1 An effective questioner needs firstly to be able to clarify the
context.
Clarifying the context may be the composition of a question at the
Primary layer of inquiry questioning. An example could be posing a
question like ‘What is an effective question?” A learner may pose such a
question to guide and direct their own inquiry and learning.
Clarifying the context may also be the recognition of a problem or issue
and its component parts.
2 An effective questioner needs to be able to identify the
information need.
What
do they need to know? A statement that clarifies what the inquirer needs
to know is an important tool that aids the construction of relevant
questions. If an inquirer can’t identify that they need information
about the breeding cycle it is obviously going to be difficult to ask an
appropriate question. This ability is like the hammer that will help
them build effective questioners.
3 An effective questioner needs to be able to identify the
relevant vocabulary (key words and phrases).
The
relevant vocabulary is like the nails that they can use to build highly
relevant questions. These two skills are complementary.

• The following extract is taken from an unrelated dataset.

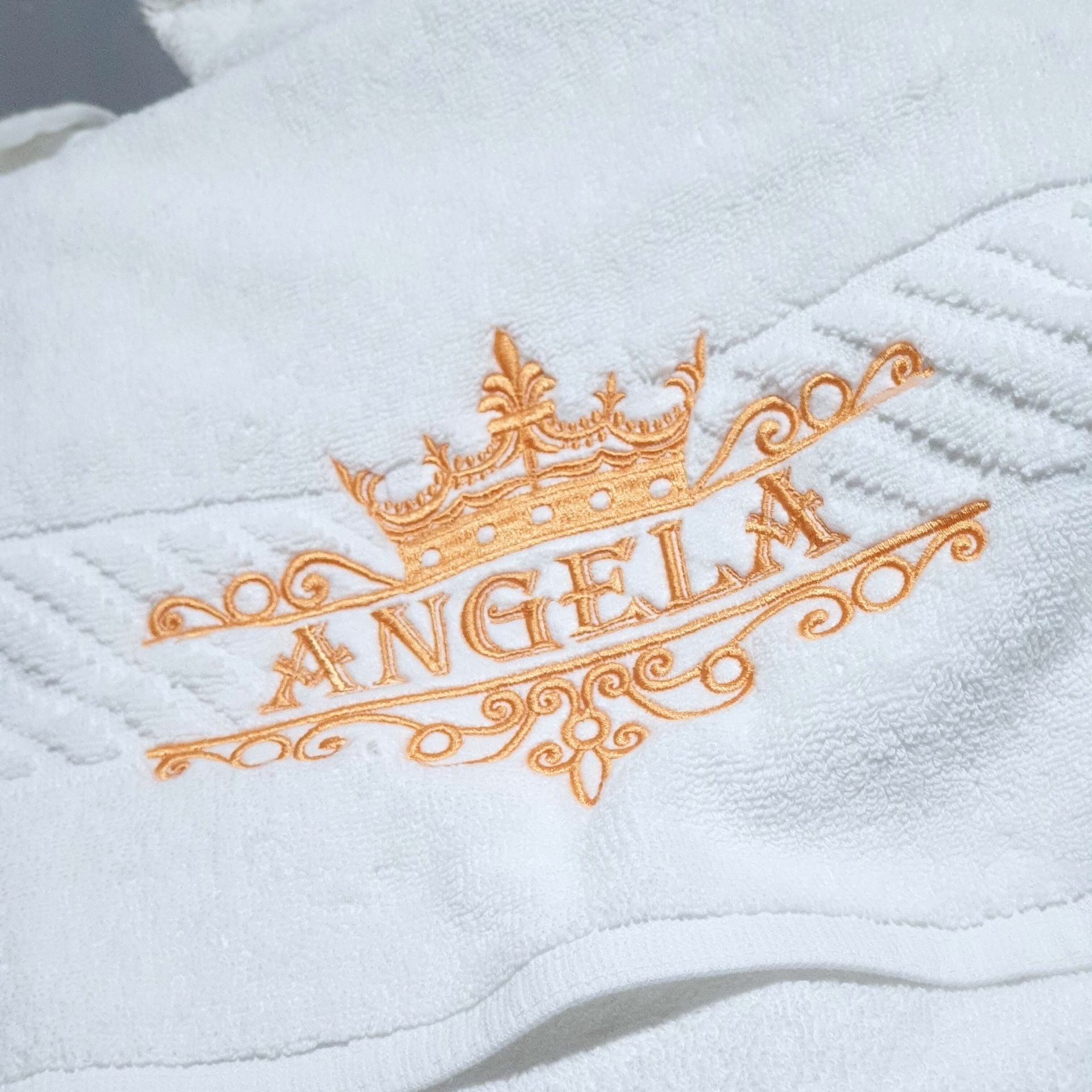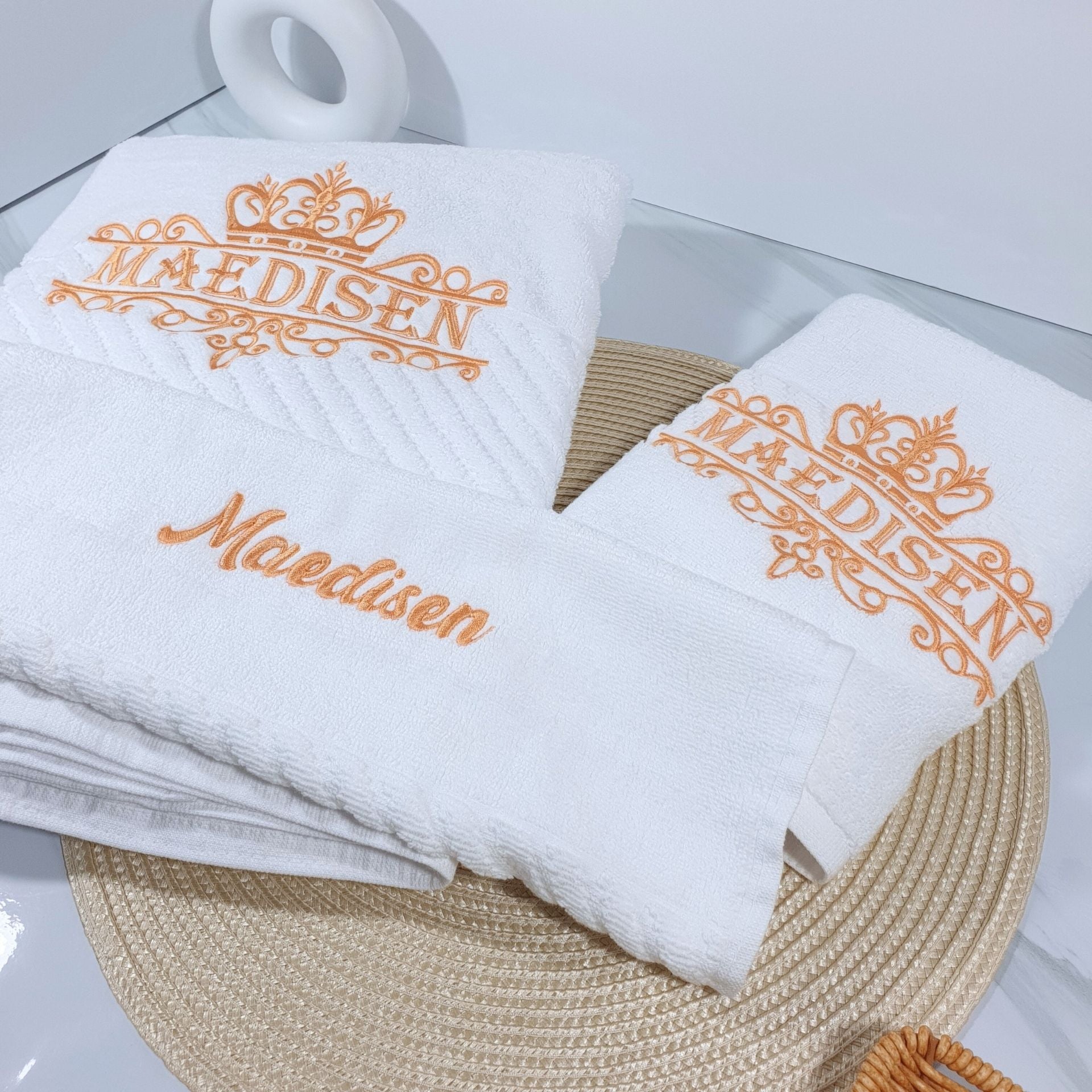 This personalised towel adds a special touch to your everyday essentials. Featuring a soft and luxurious white hand and bath towel, each piece is customized with your chosen name in an elegant font with crown design. Perfect for personalised gifts, wedding gift, home decor, or a personal treat.

4 An effective questioner needs to be able to ask a range of
relevant questions.
They
need to be able to ask relevant closed ‘yes’ and ‘no’ questions,
combining relevant contextual vocabulary with question words like
can, does, do, should, could, would, may etc.
They
need to be able to ask relevant closed and open questions, combining
relevant contextual vocabulary with question words like who, what
when, where, why, how, and which. (7 Servants: taken from Rudyard
Kipling’s poem………… )
They
need to be able to ask probing questions that provide a tight context
and probe deep into a person’s knowledge, beliefs or opinions.
5 An effective questioner needs to be able to identify and
utilise a range of relevant and appropriate sources and must be able to
apply judgement in identifying and choosing these sources. It is
ineffective to take good relevant questions to inappropriate or
irrelevant sources.
6 An effective questioner needs to be able to edit their
questions, finding appropriate synonyms of key words when they run into
barriers and problems, as they seek the required information. For
instance if they have the question “How is an aboriginal humpy made?”
they may not gain the information they need till they edit the question
and replace ‘made’ with ‘constructed’ or further edit the
question to “What is the construction of an aboriginal humpy?”
7 An effective questioner also needs to have an attitude of
persistence. Extracting relevant needed information from multiple
sources is not an easy task and often requires persistence to see the
task to its conclusion.
The
above are the main skills that enable a person to construct and compose
effective questions. However it is important to realise that there is a
further set of skills involved. These skills come mainly from the realms
of Literacy and Information Literacy and include the ability to:
§
Comprehend
the information that a source can provide.
§
Extract the
required information from the sources that contain it.
§
Store and
manage extracted information
§
Apply and use
that information to meet the initial need.
Summary:
An
independent learner needs to be able to pose relevant effective
questions and this includes a number of skills. However the ability to
pose a good question doesn’t stand alone, a good questioner needs a
further range of skills to help locate and extract the answers to their
questions from the relevant sources, such as a range of search and
location skills, textual and visual comprehension skills, thinking and
analytical skills, and communication skills.
From
this I draw the following two definitions.
An
effective question is one that returns the required relevant
information.
An
‘Effective Questioner’ is one who can:
§
identify an information need
§
pose a range of ‘relevant questions’
§
take them to a variety of appropriate sources
§
edit questions where necessary
§
persist until they locate the required information.